On September 4, 2020, the U.S. Department of Labor (the “DOL”) issued a proposed rule regarding a plan fiduciary’s duties with respect to shareholder rights appurtenant to shares of stock held by an ERISA plan (the “Proposal”). ERISA requires that a plan fiduciary carry out its duties prudently and solely in the interests of participants and beneficiaries and for the exclusive purpose of providing benefits to participants and beneficiaries and defraying the reasonable expenses of administering the plan.
The DOL originally articulated its position that ERISA’s fiduciary duties extend to the voting rights of stock in an opinion letter published in 1988 (commonly known as the “Avon Letter”). Since that time, the DOL has provided additional sub-regulatory guidance in the form of Interpretive Bulletins and Field Assistance Bulletins.
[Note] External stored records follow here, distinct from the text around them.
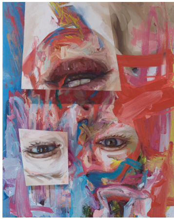
Saville: Virtual, 2020, oil on canvas, 78¾ by 63 inches.

SAVILLE: I just showed about half the works from my “Elpis” series at Gagosian in New York, and I’m finishing the other ones now. When I went to Moscow two years ago, I saw so many amazing women—like this waitress who had an incredible face. Eventually, I started asking people if they’d model for me, and rented a studio there. The series is based on the Russian female poet Anna Akhmatova, who wrote the bulk of her work in the ’30s and ’40s, under Stalin’s rule. Her husband was executed by the Soviet secret police, and her son was imprisoned. Every day, for seventeen months, she went to the prison where he was kept and saw all these other women who were walking around trying to find information about their loved ones. She couldn’t write anything critical of the government—had the work been found, she would have been arrested or executed—so instead, she whispered the poem she wanted to write into these other women’s ears. Between 1935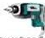
power hand drill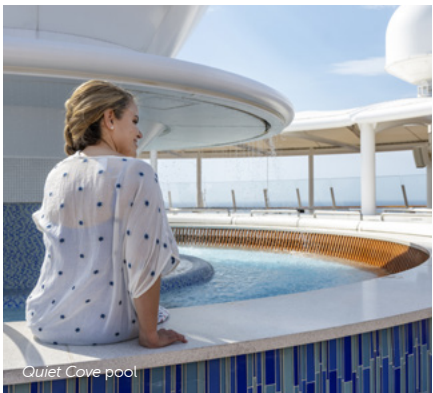
Quiet Cove pool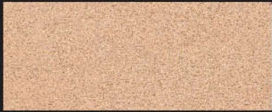
2121 Anilin naturell vegetabil*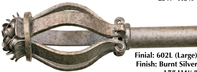
Finial: 602L (Large) Finish: Burnt Silver L7" H4¼"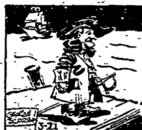
Cadillac went to France and asked for troops at Detroit, despite recent decree.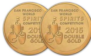
Double Gold Medal at the San Francisco World Spirits Competition in 2015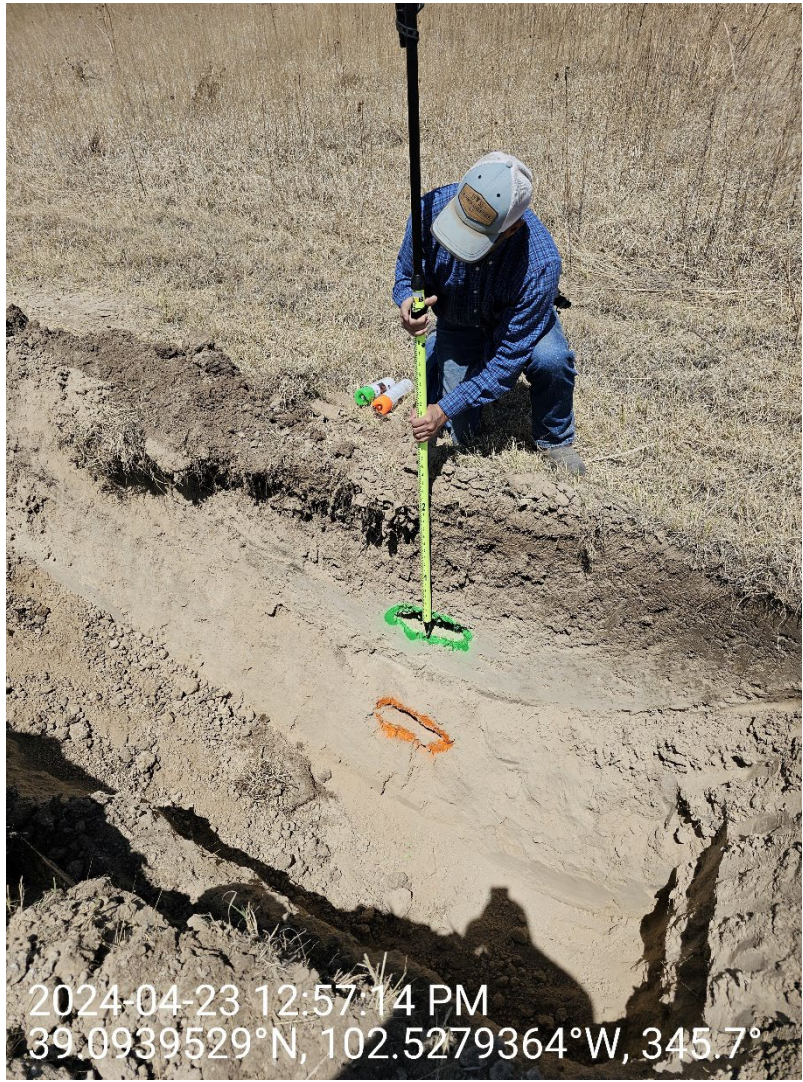
Low 1 B SWD Sampling WHBG-2 Photo 1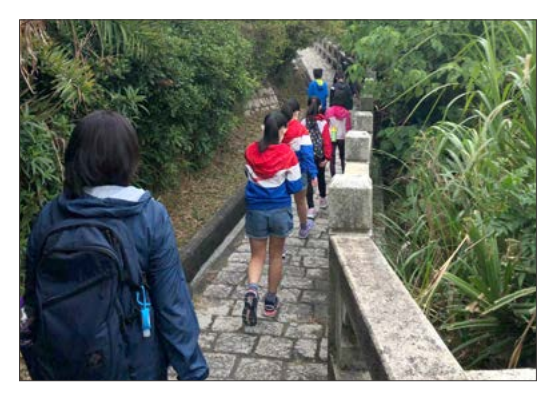
Small group of families participated in eco-cultural tour activity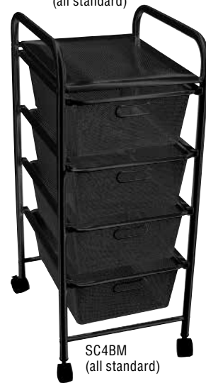
SC4BM (all standard)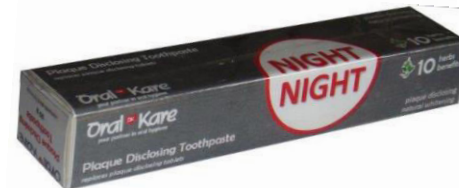
Plaque Disclosing Toothpaste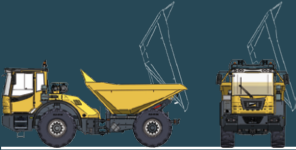
C815s Swivel-tip dumper

Moves the most, regardless of the type of bucket used.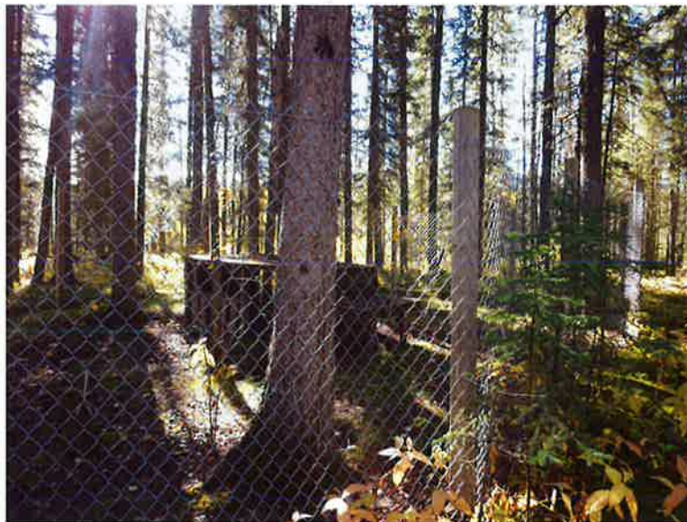
Dog kennel on cabin #24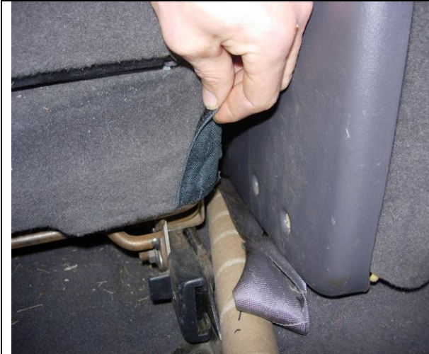
Step 5. Driver Bottom/DB: Pull the inside edge back and press the hook Velcro™ to the carpet on the seat as shown.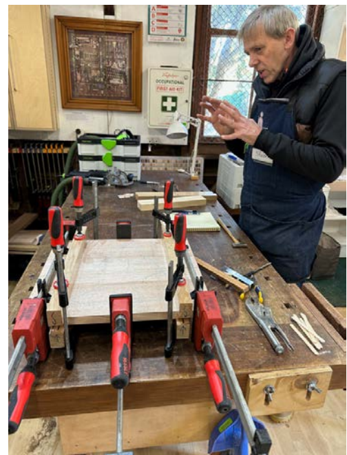
Clamping - make or break!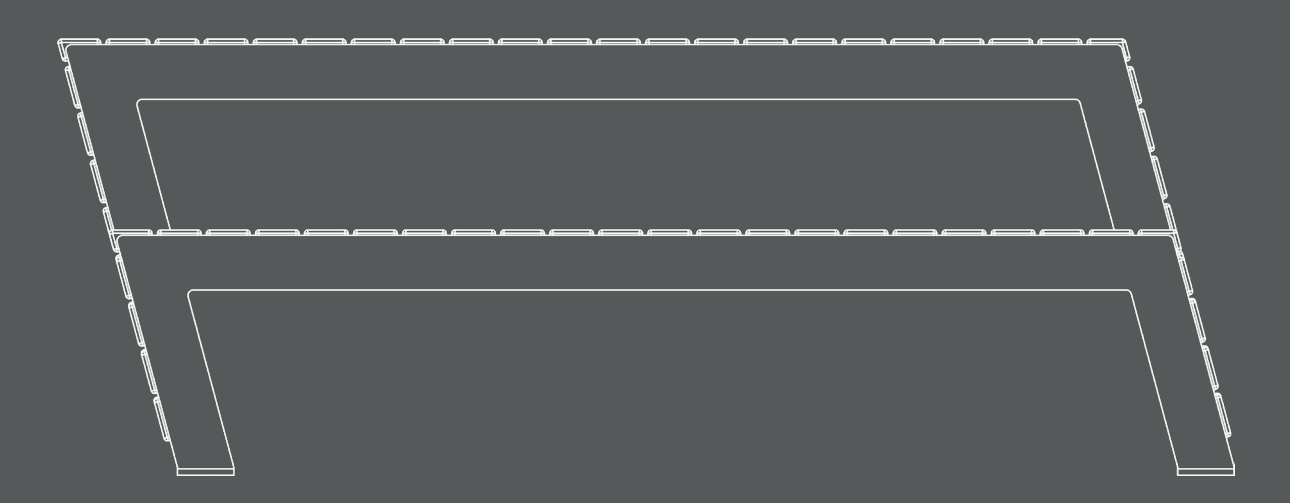
Table & Bench 1959mm Length Configuration 2

Table & Bench 1959mm Length Configuration 1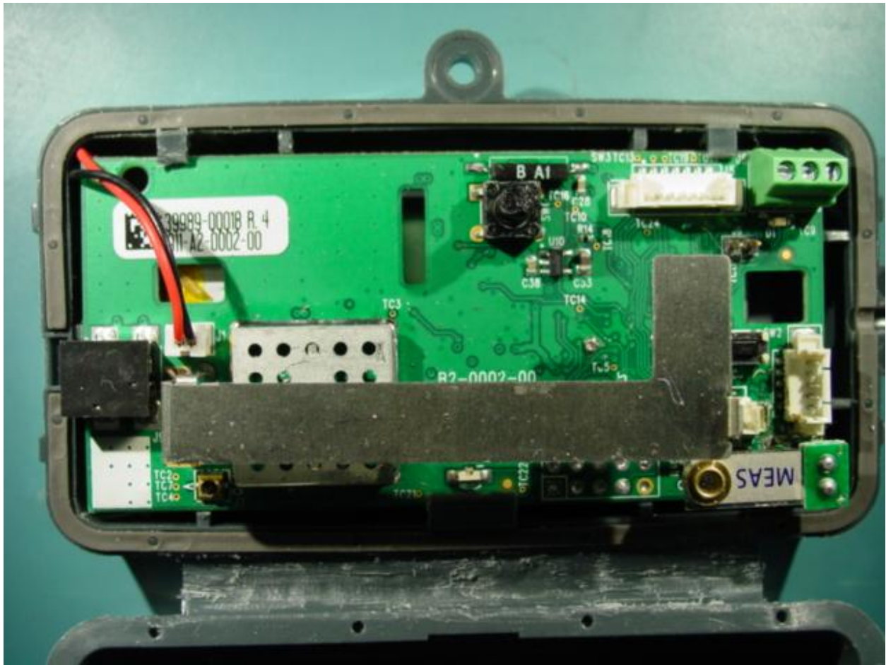
Circuit board top with shield and antenna in plastic case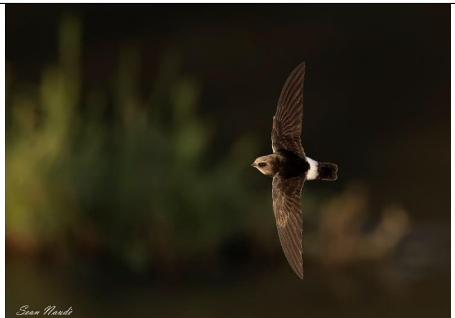
November: Little Swift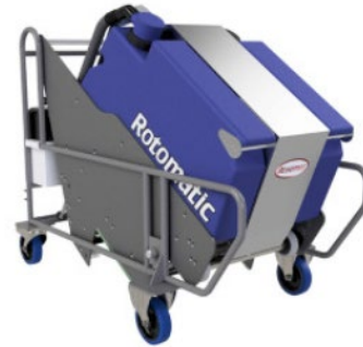
Rotomatic Step Cleaner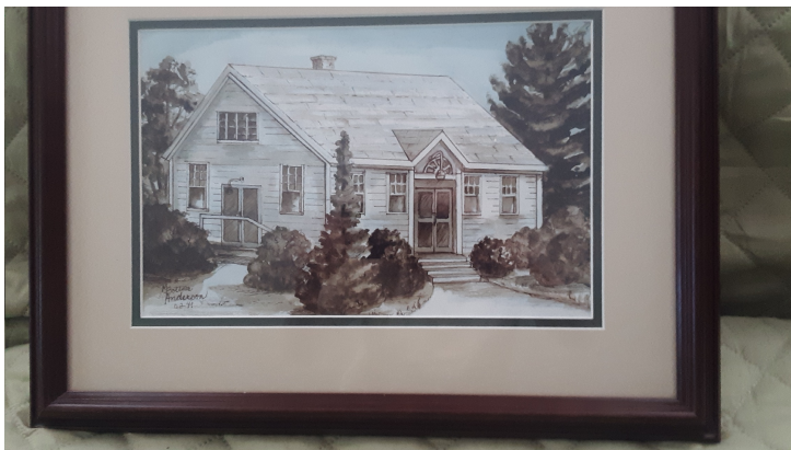
The Community Hall (1921–1977) owned by All Hallows Episcopal Parish, located between the store and the Rectory. It served as a meeting place for all community events—dinners, dances, polling place, plays, piano lessons and recitals, fund raising fairs, and more. Frame 17" × 13"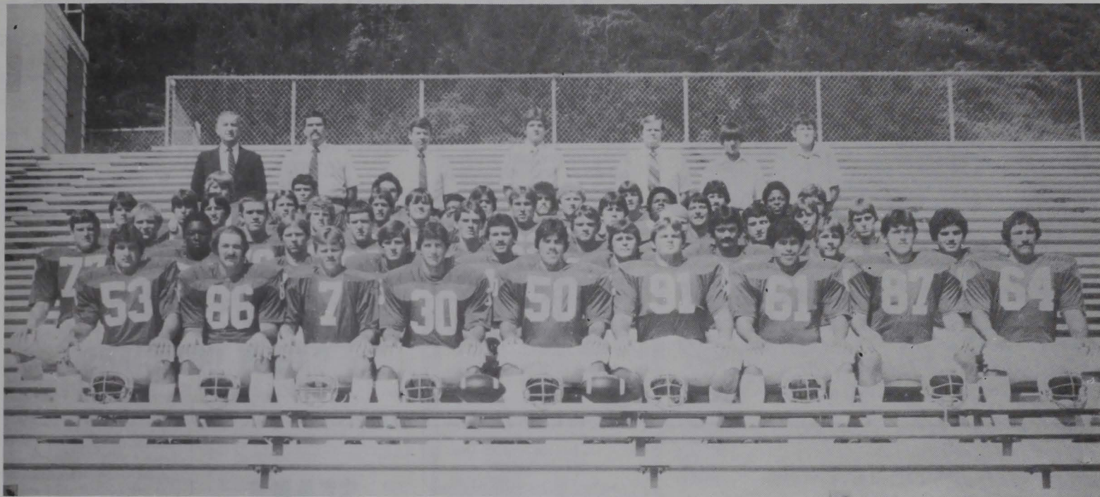
Pictured above is the 1980 GSC Pioneer Football Team.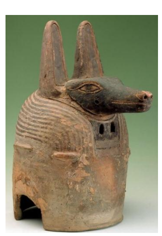
Figure 2: A Ptolemaic statuette of Anubis in the Metropolitan Museum of New York (Arnold 1995, no. 8)

Figure 3: A canine terracotta mask of Anubis in the collection of the Roemer-Pelizaeus, Hildesheim, Germany (Wolinski 1987, 28)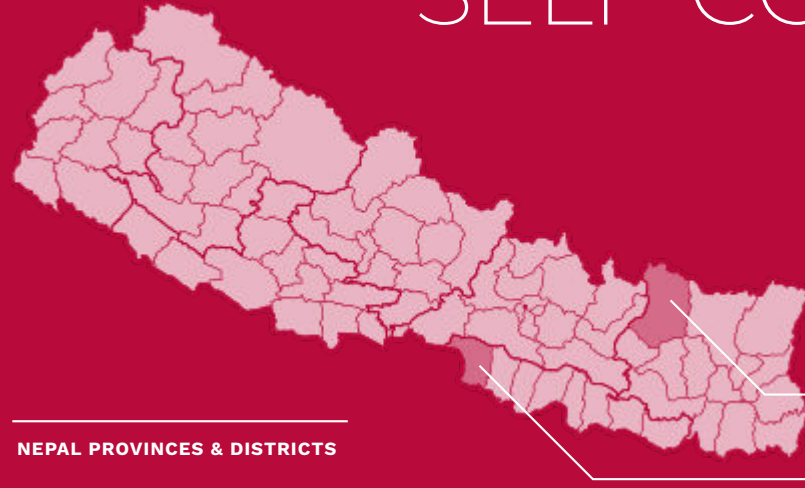
NEPAL PROVINCES & DISTRICTS

Much like the DOL’s guidance on ESG investing, the DOL’s guidance in this area has shifted in focus with each presidential administration; however, a published regulation, subject to review and comment like the Proposal, would be more difficult to overturn by a future administration if finalized.
The DOL’s previous guidance issued in 2016 generally encouraged the voting of proxies by plan fiduciaries, other than in certain limited circumstances. In contrast, the Proposal warns that a fiduciary can only vote proxies that it prudently determines to have an “economic impact on the plan after the costs of research and voting are taken into account.”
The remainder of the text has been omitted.